To summarize the results so far: We found that pause postures are present in 33% of the data, and that the PP has specific temporal relations with other gestures at the boundary and spatial variability comparable to that of consonant targets for longer pause postures. Overall the results indicate the existence of a pause posture in American English.

3.3. Factors affecting the occurrence and duration of pause postures

The next set of analyses examine when pause postures occur and whether they can be tied to planning processes. We address the following questions: 1) what is the effect of sentence, testing whether specific constructions are more likely to lead to pause postures (section 3.3.1), and 2) is there a relationship between speech planning and pause postures (section 3.3.2). For these analyses, all target words were included, as the stress difference on the target words was not a prerequisite for addressing these questions.

3.3.1. The effect of sentence type on pause posture occurrence

A generalized linear model (GLM) was fitted to the data testing the effect of sentence on pause posture occurrence using the glm package in R (R Core Team 2013). Note that for this and the following across-speaker analyses, mixed effects models did not converge (as we did not have enough data). All sentences except the control (no boundary) sentence were tested (see Appendix I, section 2 for full model output both pooled (‘Overall’) and by speaker). There is an overall effect of sentence in the pooled data (p < 0.05), as well as in five of the speaker-specific models (p < 0.05, for all speakers except F2 and F3). However, examination of the individual results (shown in Figure 9) indicates substantial between-speaker variability in which sentences were more likely to have pause postures. There is no overall pattern of sentence effect that can be identified, so it can be concluded that sentence type does not have a single, homogenous effect on pause posture occurrence across speakers. It is worth pointing out, however, that the two sentences where the PP was targeted to occur at the beginning and at the end of the utterance (sentences 13 and 14 in the stimuli), do not behave differently from other sentences, indicating that PPs occur utterance initially and utterance finally as well as sentence medially.

Figure 9.

Figure 9.

The effect of sentence on the occurrence of pause posture for individual speakers.

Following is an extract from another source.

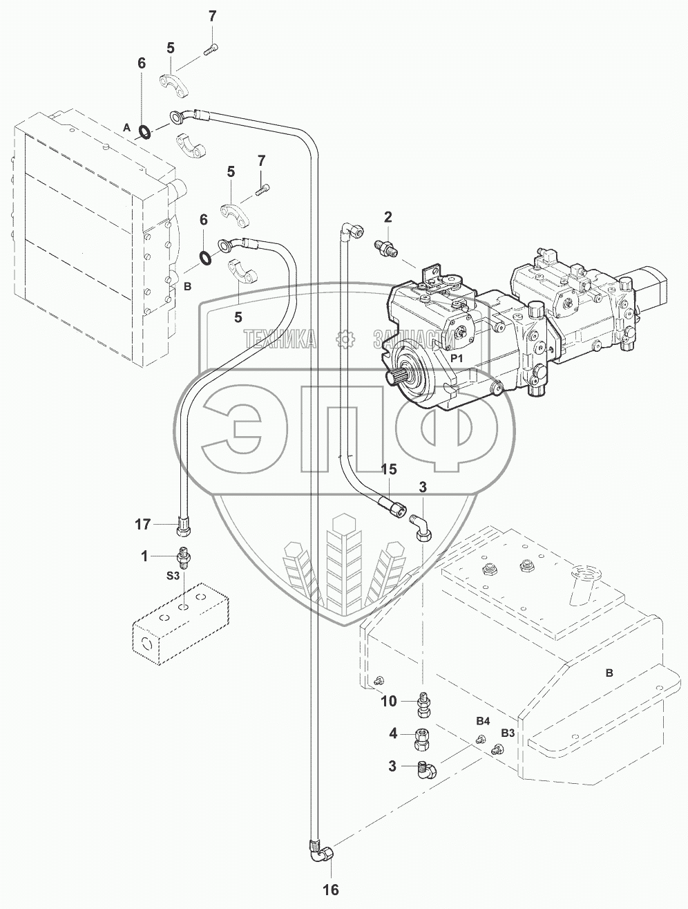 Каталог запасных частей к технике: JCB VM-115 D/PD. Трубопроводы охлаждения/Cooler line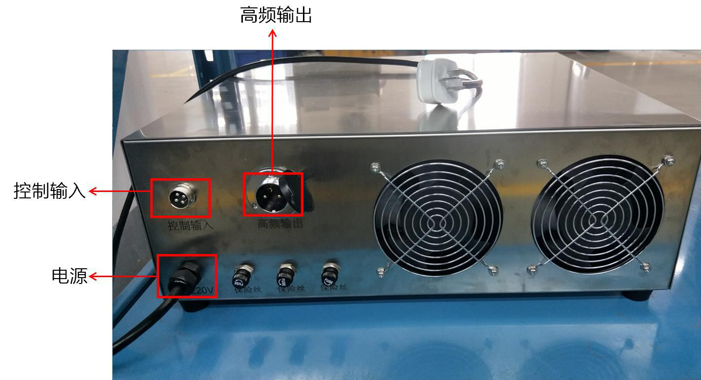 2、高頻輸出:與超聲波換能器插頭連接;

3.3.2. The effect of planning on pause posture occurrence

To further examine the conditions under which pause postures occur, we examine whether planning has an effect on pause posture occurrence and duration. As discussed in the introduction, acoustic pauses are known to be related to planning, with longer pauses indicating increased planning for the upcoming utterance. Therefore, in this section we examine the effect of the upcoming utterance length on pause posture occurrence and duration, testing the hypothesis that PPs might provide additional planning time for the upcoming utterance.

Length is defined in terms of number of syllables of the first post-boundary prosodic phrase. The number of syllables is a crude measure in this study, as the sentences were not designed to test this question and they vary considerably in syntactic structure. However, given the robust effect syllable numbers have on pause duration (e.g., Zvonik & Cummins 2003, Krivokapić 2007a, 2012, Fuchs et al. 2013), we expect them to still have an effect on planning in the present study.

For this set of analyses, we examined all target words and all sentences except the control no-boundary, target word phrase initial, and target word phrase final sentences (sentences 7, 13, and 14 respectively). Sentences 7 and 13 differ from the others in their structure (by not having a boundary or by not having a preceding utterance) and planning might be affected by this. Sentence 14 does not have any upcoming scripted material, so the PP in that case cannot be affected by the upcoming scripted utterance.

We start by examining the relationship between boundary duration (interval 4 in Figure 2) and pause posture occurrence, to test whether they are independent (section 3.3.2.1). As will be shown below, they are not, and therefore further testing (in sections 3.3.2.2. and 3.3.2.3) will need to incorporate boundary duration as a relevant variable. Section 3.3.2.2 examines the effect of the upcoming phrase length on pause posture occurrence, and section 3.3.2.3 on pause posture duration. Finally, we test the effect of repetition on the occurrence and frequency of PPs (section 3.3.2.4). As we explain later, we do not have predictions for this question, the contribution of this examination is exploratory in nature.

3.3.2.1. The effect of boundary duration on pause posture occurrence

We test the effect of boundary duration on pause posture occurrence to examine how closely related they are. A GLM was fitted to the data testing effect of increased boundary duration on pause posture likelihood (see Appendix I, section 3 for full model output). Longer boundary duration increases the likelihood of the occurrence of the pause posture (Figures 10 and 11). These results were significant pooled across participants (p < 0.0001) and for every participant individually. This result shows that boundary duration and pause posture are closely related, and that when examining the effect of planning, we need to ensure that whatever effect planning has on PPs is not simply due to boundary duration. This result also provides further support for Katsika’s claim that PP are triggered by strong π-gestures and therefore occur at strong boundaries (Katsika et al. 2014).

Figure 10.

Figure 10.

The effect of boundary duration on the occurrence of pause posture, all speakers combined.

Figure 11.

Figure 11.

The effect of boundary duration on the occurrence of pause posture, individual speakers.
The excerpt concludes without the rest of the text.